Problem statement >> Nothing but the lines below from the one containing "流行 インスタ映え db2675" through the one containing "Считаем, что биквадратные" should appear in the answer, exact and without pictures.

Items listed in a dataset
- - -

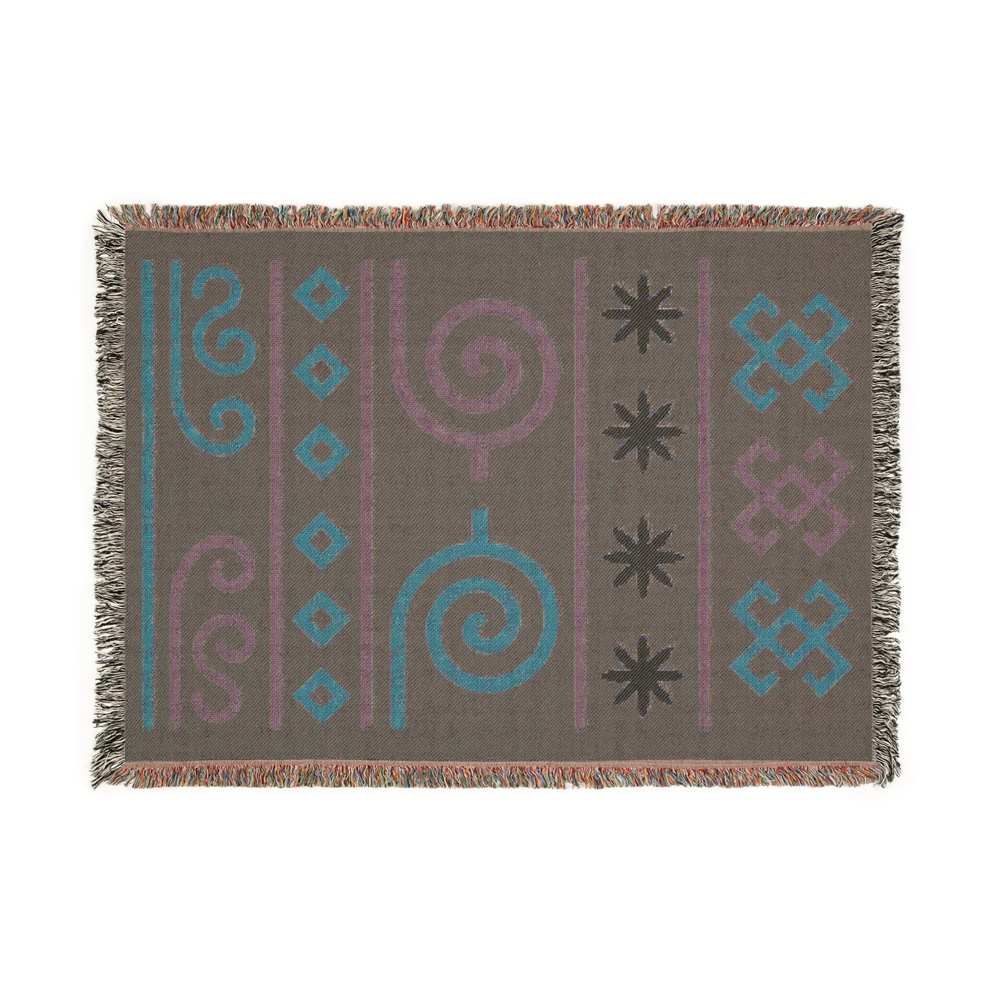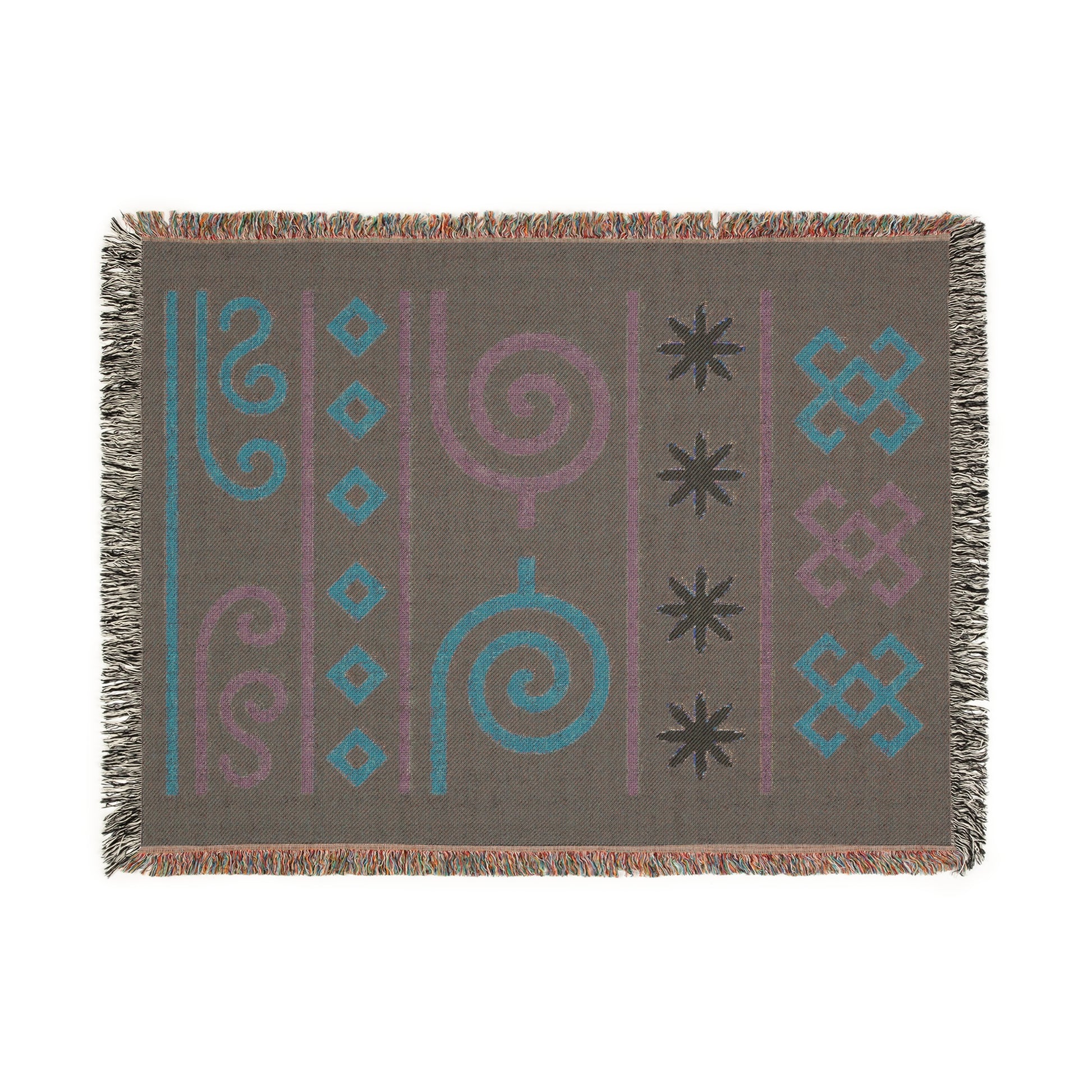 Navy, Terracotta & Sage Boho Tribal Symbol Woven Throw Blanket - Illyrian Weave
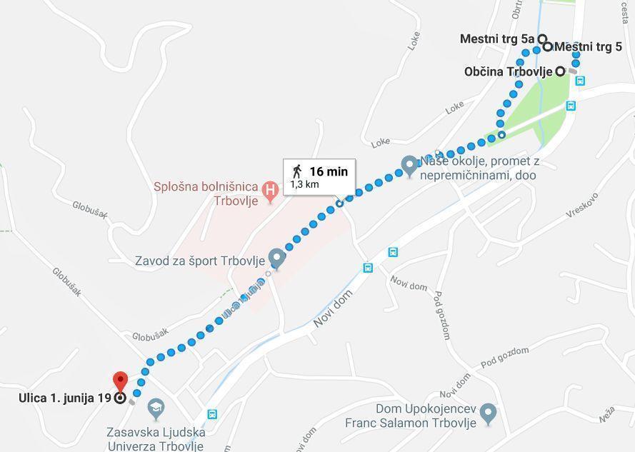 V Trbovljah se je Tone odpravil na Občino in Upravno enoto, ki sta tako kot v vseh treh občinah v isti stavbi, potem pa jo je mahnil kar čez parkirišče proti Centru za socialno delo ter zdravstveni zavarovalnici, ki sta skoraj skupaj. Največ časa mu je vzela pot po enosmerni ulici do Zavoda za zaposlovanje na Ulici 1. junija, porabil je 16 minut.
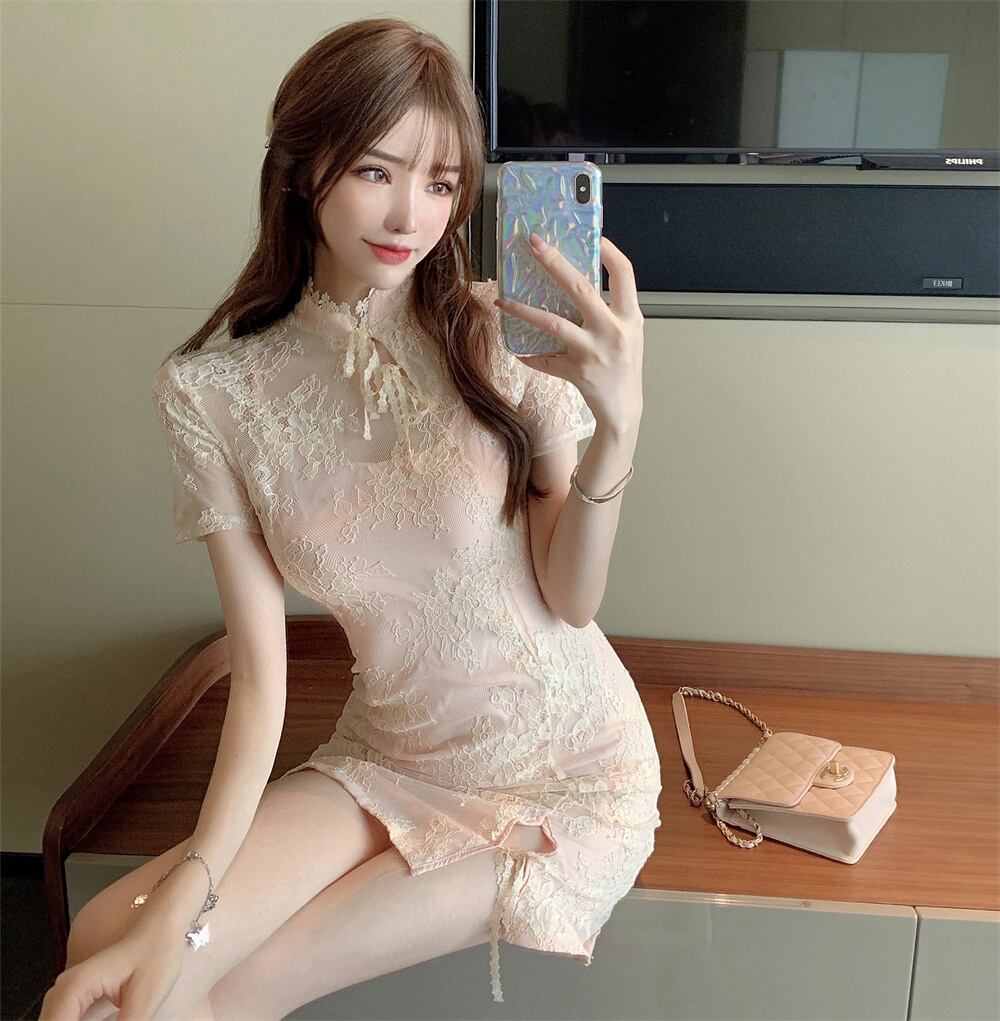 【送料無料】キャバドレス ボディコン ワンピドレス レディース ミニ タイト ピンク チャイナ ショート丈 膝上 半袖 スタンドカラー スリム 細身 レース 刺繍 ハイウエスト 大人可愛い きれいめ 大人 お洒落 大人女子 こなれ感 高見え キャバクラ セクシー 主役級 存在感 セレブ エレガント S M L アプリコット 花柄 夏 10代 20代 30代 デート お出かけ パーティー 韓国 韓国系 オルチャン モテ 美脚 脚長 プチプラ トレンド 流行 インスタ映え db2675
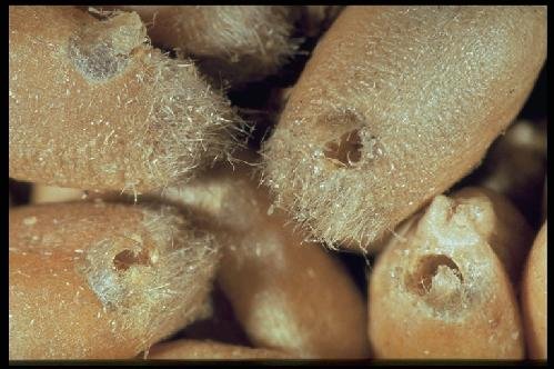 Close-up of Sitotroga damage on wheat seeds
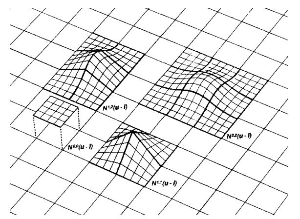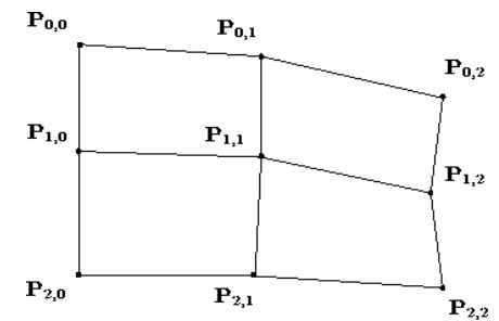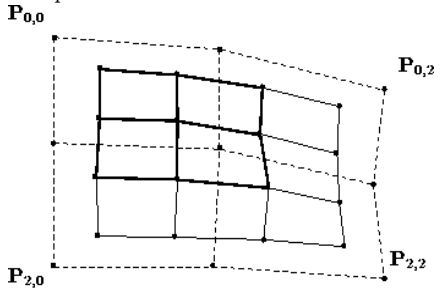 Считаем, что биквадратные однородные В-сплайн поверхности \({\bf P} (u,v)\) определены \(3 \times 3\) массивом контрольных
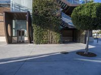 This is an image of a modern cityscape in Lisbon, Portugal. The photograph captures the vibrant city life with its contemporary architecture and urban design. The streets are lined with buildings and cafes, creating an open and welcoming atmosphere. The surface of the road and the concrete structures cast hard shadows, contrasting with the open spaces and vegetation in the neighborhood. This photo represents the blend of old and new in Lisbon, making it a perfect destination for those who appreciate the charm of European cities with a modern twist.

- - -

Solution >>
 【送料無料】キャバドレス ボディコン ワンピドレス レディース ミニ タイト ピンク チャイナ ショート丈 膝上 半袖 スタンドカラー スリム 細身 レース 刺繍 ハイウエスト 大人可愛い きれいめ 大人 お洒落 大人女子 こなれ感 高見え キャバクラ セクシー 主役級 存在感 セレブ エレガント S M L アプリコット 花柄 夏 10代 20代 30代 デート お出かけ パーティー 韓国 韓国系 オルチャン モテ 美脚 脚長 プチプラ トレンド 流行 インスタ映え db2675
 Close-up of Sitotroga damage on wheat seeds
 Считаем, что биквадратные однородные В-сплайн поверхности \({\bf P} (u,v)\) определены \(3 \times 3\) массивом контрольных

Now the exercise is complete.